Early music

Young composers get to hear the pros play their notes.

BEGINNING COMPOSERS often find themselves in a catch-22: Those who have the hardest time getting their music performed are precisely the ones who need to hear their music most. After all, the only way to learn is to take your scores off your desk and somehow get them transformed into real live sound.

Seattle Symphony Young Composers Workshop

Benaroya Recital Hall, Tuesday, May 9

That's why the Seattle Symphony's Young Composers Workshop culminates in a public concert next Tuesday, featuring the premieres of new pieces by 11 student composers. From seventh-graders to high school seniors, the participants were chosen in January from a field of 20 applicants who submitted scores and/or recordings. The SSO's composer-in-residence, Samuel Jones, led 12 weekly sessions, guiding the students through the conception, development, and completion of a new piece.

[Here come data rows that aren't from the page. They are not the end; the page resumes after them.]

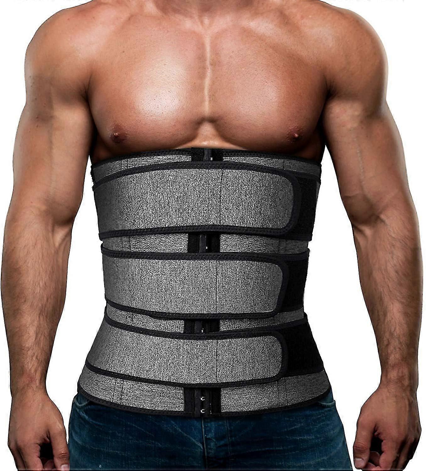Product DescriptionMens Workout Waist Trainer Neoprene Corset Sauna Sweat Trimmer Slimming Belly BeltsMens sauna waist trainer for weight loss has large coverage, which makes you sweat.Waist workout trainer stays in place, doesnt ride up or down.Belly waist trainer for men contains velcro straps to give you the ability to shape your waist.The waist trainer belts provide great back support and has the belly sweating.Waist cincher for men holds and eliminates the issue of having back fat spillage.Belly sweat band for weight loss for men promotes good posture and it has taken inches off your waist.three velcro staps 4 rows of hook and eye steel bones fabric3 High Adhesive Velcro BandsHaving 3 separate belts gives you the option on how tight you want each belt, because most waist trainers only have the extra cinching strap on the middle of the abdomen. You can make the lower belt tighter than the upper belts to concentrate more towards your lower back.4 Rows of Hook and Eye ClosuresThis is adjustable by having 4 rows of clips.
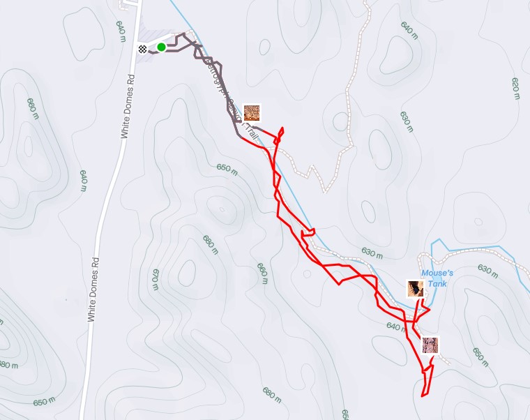 This is a very simple there and back trail. We found some petroglyphs as well.
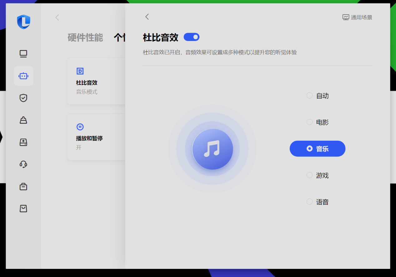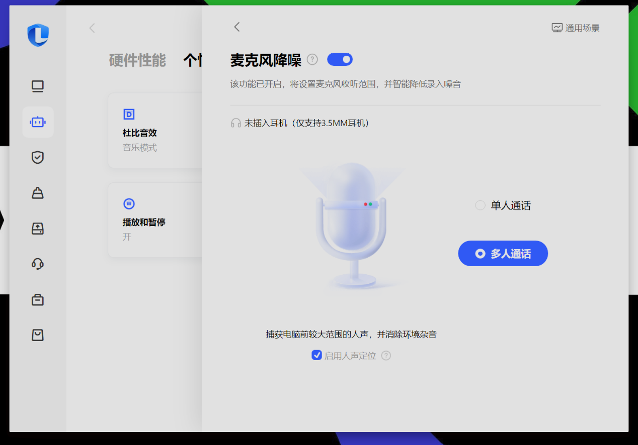 杜比音效功能会根据选择的应用场景,智能优化声音表现。麦克风降噪则可以在插入耳机的情况下自动检测人声和位置,强化人声表现,消除环境噪音。
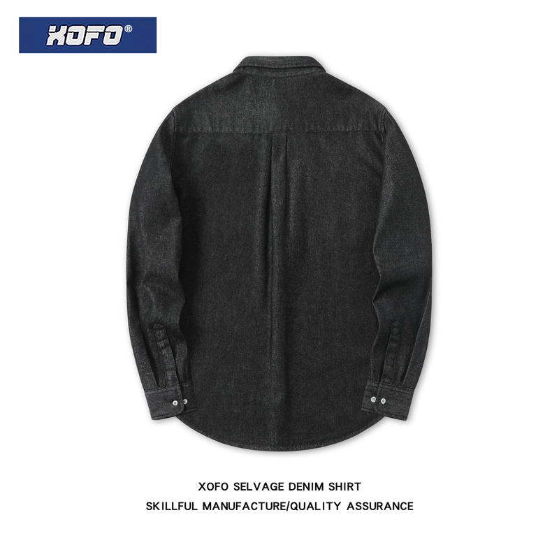 内搭休闲衬衣外套男士 衬衫 上衣 牛仔长袖 暗纹整体感设计黑色秋季
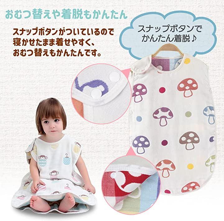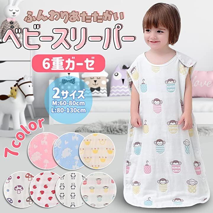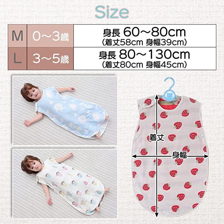 「商品仕様」 ・size:Mサイズ 身幅約 40cm,着丈約 60cm Lサイズ 身幅約 45cm,着丈約 80cm ・年齢:新生児~4歳位(お子様の体格により変わります) ・素材:綿 100% ・どの柄にも、右肩に2つボタン、胴体部分の左右に3つずつボタン、股下部分に1つボタンがついています。
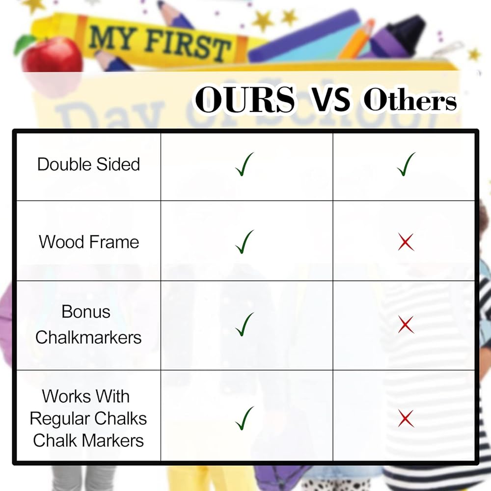 • السبورة ذات وجهين حتى تتمكن من استخدام نفس اللافتة في اليوم الأول والأخير من المدرسة!
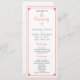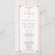 Una tarjeta de detalles de la ceremonia del boda minimalista de marco de coral que puede hacer la suya utilizando la opción "personalizar esta plantilla" para introducir la información de la ceremonia del boda. Guión de color coral y tipografía gris sobre fondo blanco. Guión y texto sobre un fondo blanco limpio y simple en el reverso.

"I find the amazing thing is that outstanding talent shows itself very quickly," says Jones, who used a hands-off approach with these younger composers just as he does with college-level students. As opposed to teaching predetermined techniques or methods, Jones says "The teacher should start with what the student is thinking," and offer practical advice in helping them realize their sonic intentions.

Composer Morgan Benfield, a high school senior, agrees: Jones was particularly helpful in "point[ing] out impracticalities—he's very good at his craft." Benfield, who plans to attend the UW next fall, will present his Wind Quintet No. 1 at this concert. He cites early Schoenberg as a musical influence—particularly the freely atonal music he wrote before he codified (or straitjacketed) his chromatic explorations into the 12-tone system.

Seventh-grader Elizabeth Pederson plays bass and cello, and wrote Sea for one viola and two cellos, instruments she knows well. Her brief work comprises flowing passages separated by a smooth and slow middle section. Also on the program will be William Barret Anspach's Three Bagatelles for Double Trio, Krystal Barghelame's Bats in the Belfry, Zachary Bernstein's Divertimento for String Quartet, Chris Champagne's An Irish Fantasy, Michelle Hickner's Wisp, Marc Macauley's Contrasts, Lena Nietfeld's Cascadian Spring, Kingsley Tang's Brief Lives and A Hymn Tune, and Ashton Thatcher's Trio for Woodwinds. All will receive performances by SSO members. The concert will offer quite a variety not only of colors—every standard orchestral instrument will be represented, including percussion and harp—but of styles. As Jones puts it, the audience will hear "eleven pieces that all sound quite different—which is as it should be."